Military Intelligence Agency
The Military Intelligence Agency is the military intelligence agency of Serbia, organizational unit of the Ministry of Defence. It is responsible for providing military information, as well as representing and protecting the military interests of Serbia abroad and carries out its tasks through activities of military intelligence and military diplomacy.
History
With establishment of the General Staff of the Armed Forces of the Principality of Serbia, by the 1876 Act on the General Staff Organization, the bearer of the military intelligence activities was the First Susbsection of Operations Section of the General Staff. In 1884, it was transformed in the External Subsection of the Operation Section of the General Staff acting as the intelligence service of the Royal Serbian Army.The missions and competneces of the External Subsection were subsequently extended and in 1900 it was renamed to Subsection for Reporting of the Operation Section.

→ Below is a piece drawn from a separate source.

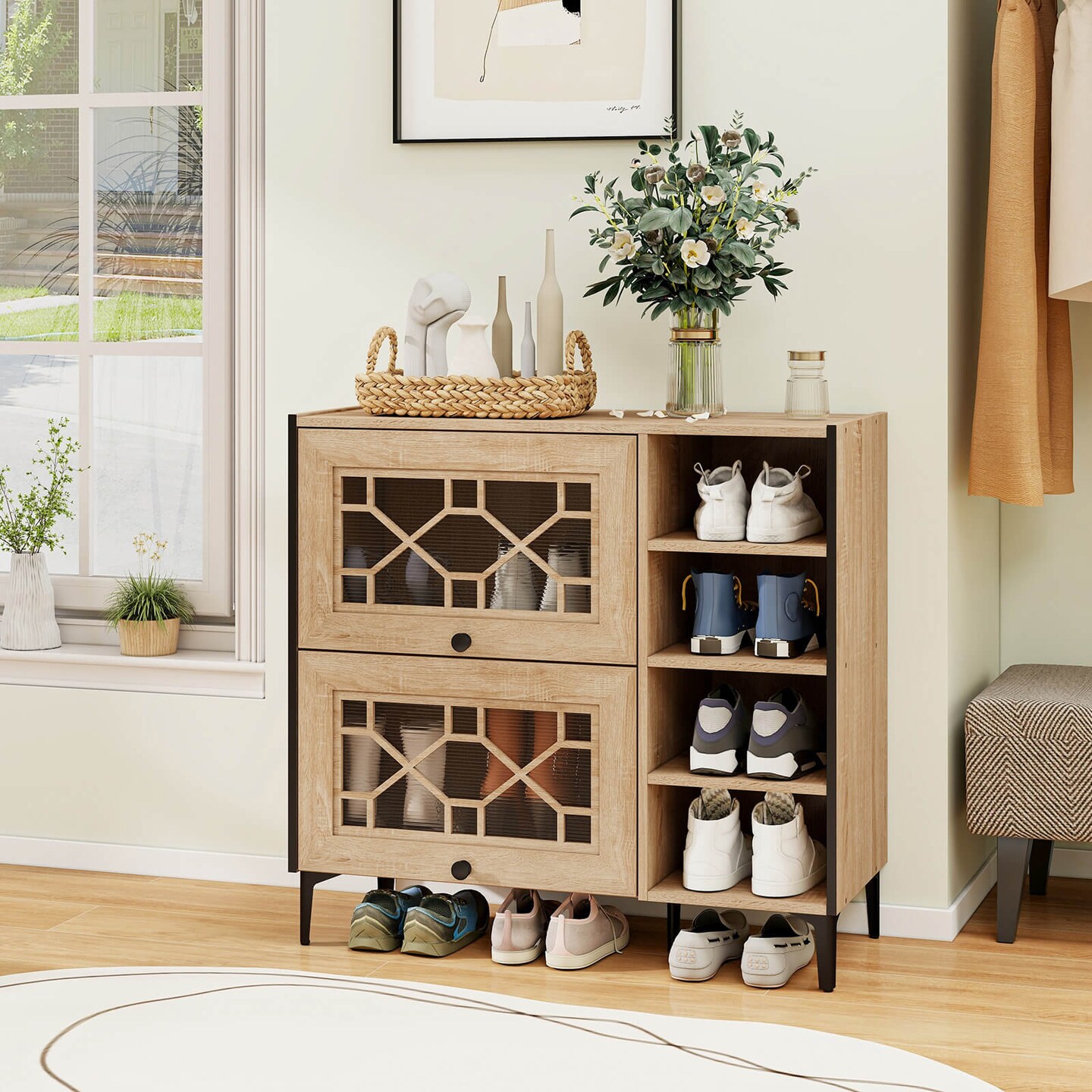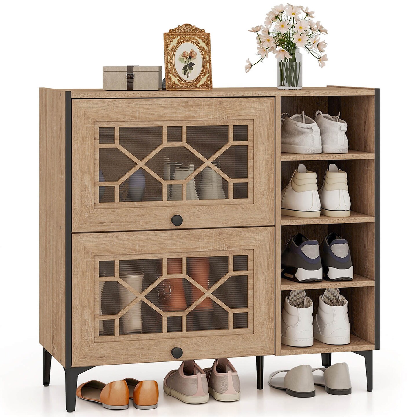 Costway Shoe Storage Cabinet with Flip Doors Adjustable and Removable Shelves for Entryway

During World War I, when the General Staff was transformed into the Serbian Supreme Command, the Subsection for Reporting of the Operation Section became the Intelligence Subsection of the Operation Section of the Supreme Command.
In 1920, four departments were established within the General Staff of the Armed Forces of the newly-formed Kingdom of Serbs, Croats and Slovenes, the fourth of which, the Intelligence Department of the General Staff, performed military intelligence and counterintelligence activities.
After the World War II, the General Staff of the Yugoslav People’s Army had an Intelligence Section which in 1947 became Second Directorate within the General Staff of the Yugoslav People’s Army. Subsequently, in 1950s it was renamed to the Intelligence Directorate the General Staff of the Yugoslav People’s Army. It was in charge of assessing the level of threat to Yugoslavia, as well as of the intentions and capacities of the potential aggressor. Those estimates represented the basis for definition and adoption of the war doctrine and elaboration of the Yugoslav People’s Army’s war plans.
In 1992, after the break-up of Socialist Federal Republic of Yugoslavia and formation of Federal Republic of Yugoslavia, the Intelligence Directorate was subordinated to the General Staff of the Armed Forces of Serbia and Montenegro.
In 2004, the Intelligence Directorate of the General Staff was disbanded, and its members were transferred to a newly formed Military Intelligence Agency and
Intelligence and Reconnaissance Directorate of the General Staff.
Missions
The Military Intelligence Agency has three missions:- providing support to the state and military leadership by submitting intelligence reports on risks and threats directed from abroad against the security of Serbia;
- Intelligence support to the Serbian Armed Forces in realization of its missions and tasks;
- Representation and protection of the Ministry of Defence and Serbian Armed Forces’s interests abroad;
Organization
The Military Intelligence Agency is headed by the Director and is subdivided into following directorates:- Operations – in charge of intelligence work, its planning, organization, coordination and management
- Analytics - in charge of processing collected information, including the production of informative and analytical materials on global and regional occurrences and processes, intentions and activities of conductors of military and non-military that threaten the security of the country from abroad as well as on the situation in areas of multinational operations in which members of the Serbian Armed Forces are deployed.
- Logistics - tasked with personnel, financial, technical and logistics support necessary for all the functions and tasks of the agency through activities of human, material and financial resources management including the intelligence education and training of agency members
- Cooperation - tasked with planning, organization and realization of cooperation with foreign military intelligence and security services and international organizations.
- Planning - responsible for drawing up annual, monthly and periodic work schedules, extraordinary and regular reports as well as the other documents in this field.
- Inspector General - control of the legality of work and application of the powers of the agency's members, oversight and control of the realization of planned activities.